June Cleaver, Do You Know Where Ward Keeps the Family's Financial Records?
ARA) - In the days of Leave it to Beaver, June Cleaver never
worried about financial planning. That was Ward's job. For that matter, Brady Bunch mom
Carol Brady probably never looked at the family's financial records, either. And do you
think such independent-thinking female characters such as Rebecca Howe, in Cheers, or
Elaine Benes, from Seinfeld, had their personal finances in order? Probably not.
According to the National Center for Women & Retirement,
80 to 90 percent of today's women will be solely responsible for their own finances at
some point in their lives, most likely because of divorce or the death of a spouse.
Unfortunately, many women are still ill-equipped to live on
their own incomes. Fact: According to Sen. John Ashcroft (R-MO), more than two-thirds of
today's women over 65 have no pension other than Social Security, and women are twice as
likely as older men to live near or below the federal poverty threshold because they lack
pensions and retirement savings.
Not surprisingly, in today's world of dual incomes, second
marriages and split accounts, many women feel overwhelmed with financial planning
information and decisions.
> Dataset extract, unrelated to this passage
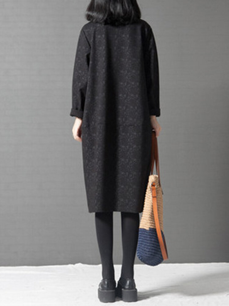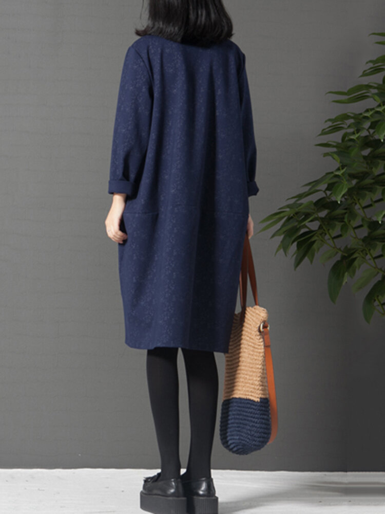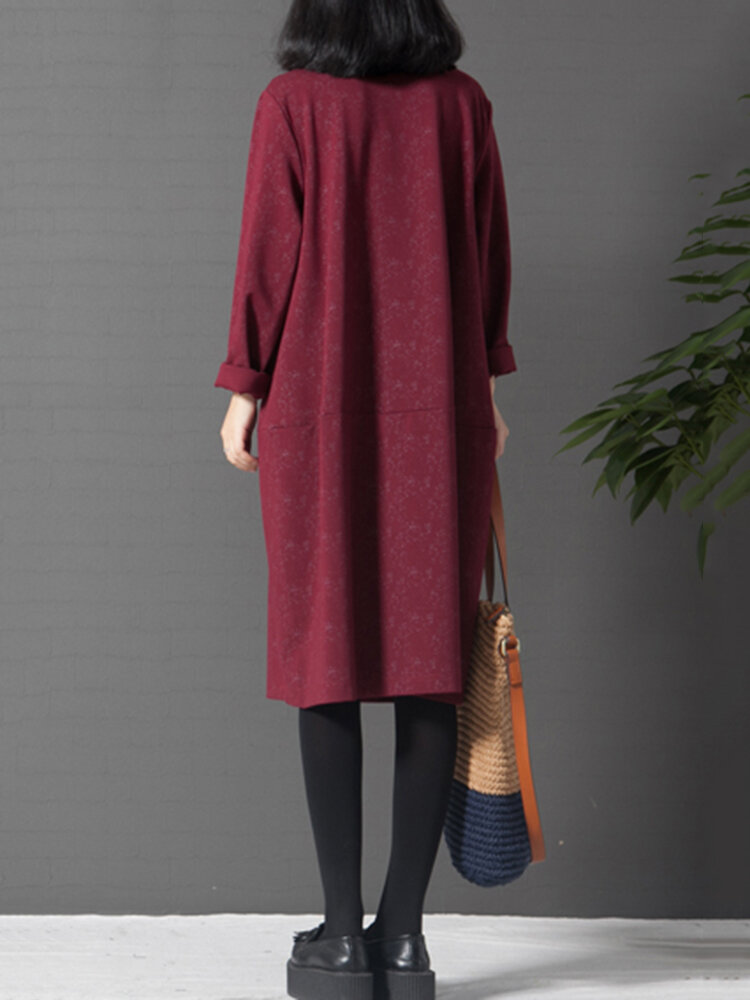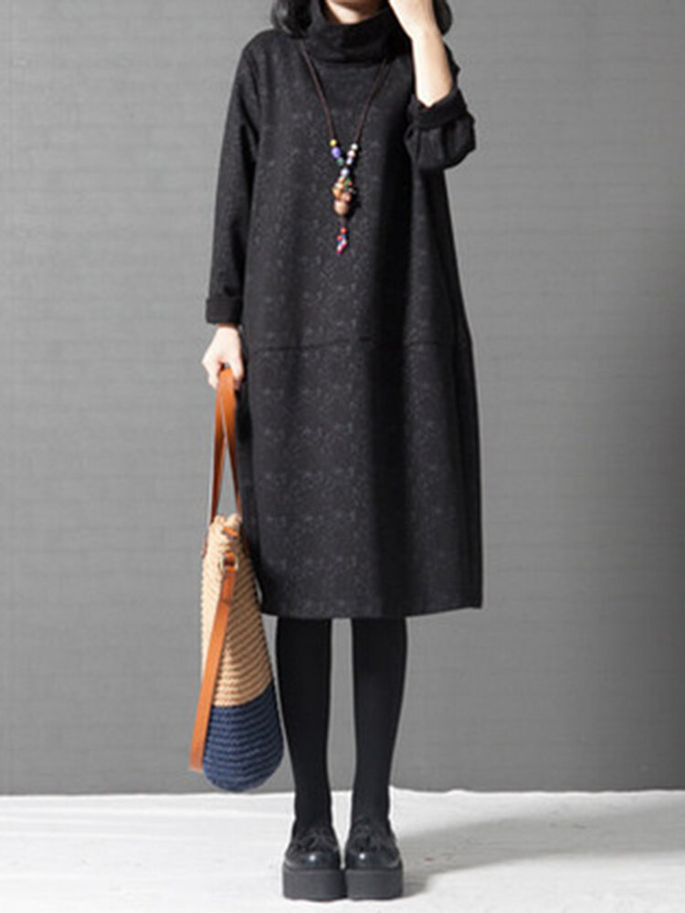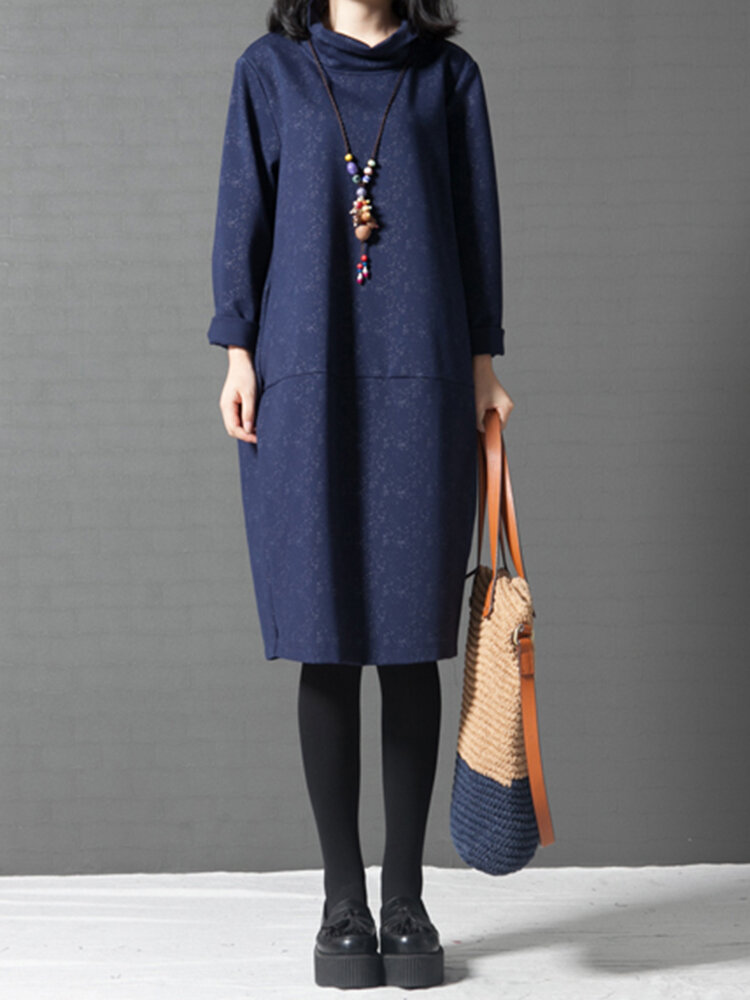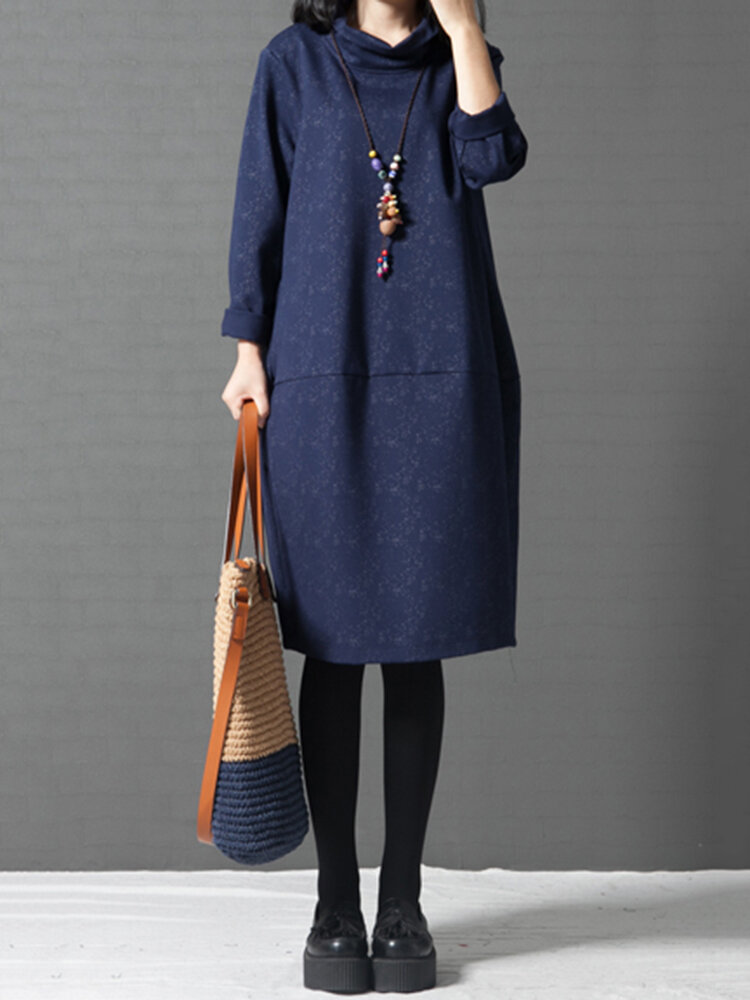 • Vintage Damen Bedruckte Turtleneck Langarm Kleid mit Taschen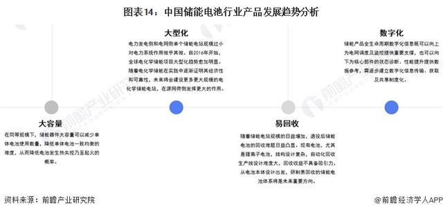 隨著中國(guó)儲(chǔ)能電池行業(yè)的快速發(fā)展,大容量、大型化、易回收和數(shù)字化將成為儲(chǔ)能電池主要的發(fā)展方向。在大容量方面,同等規(guī)模下儲(chǔ)能器件的大容量可以減少單體電池使用數(shù)量,降低單體電池一致均衡的難度,從而降低電池發(fā)生熱失控乃至起火的概率;在大型化方面,大型化是配置靈活的電化學(xué)儲(chǔ)能技術(shù)在電力系統(tǒng)中發(fā)揮主導(dǎo)的作用的必經(jīng)之路;在易回收方面,研制易回收的儲(chǔ)能電池體系,使回收收益具備吸引力是未來發(fā)展大方向;在數(shù)字化方面,儲(chǔ)能產(chǎn)品全生命周期數(shù)字化信息既可以向上為電網(wǎng)調(diào)度及監(jiān)控提供重要支撐,也可以向下為核心部件的狀態(tài)診斷、性能提升提供數(shù)據(jù)參考。

According to a recent survey by IHateFinancialPlanning.com, a
new Web site geared to the millions of Americans who dread or hate financial planning,
more than 56 percent of women are afraid to learn about the state that their personal
finances are in, find the numbers overly complicated or don't feel confident in making
good financial decisions.
Fortunately, says Karen McGarvey, owner of Financial Advisory
Network, Inc., a financial services firm (advisory services provided through Washington
Square Securities, Inc.) located in East Alton, Ill., women are more empowered today than
ever to take care of their personal finances.
"While many women may not like financial planning, the
media has made women aware of the importance of financial planning," McGarvey says.
"In turn, more women are starting to see that it's a good idea to take care of their
personal finances, regardless of their marital status."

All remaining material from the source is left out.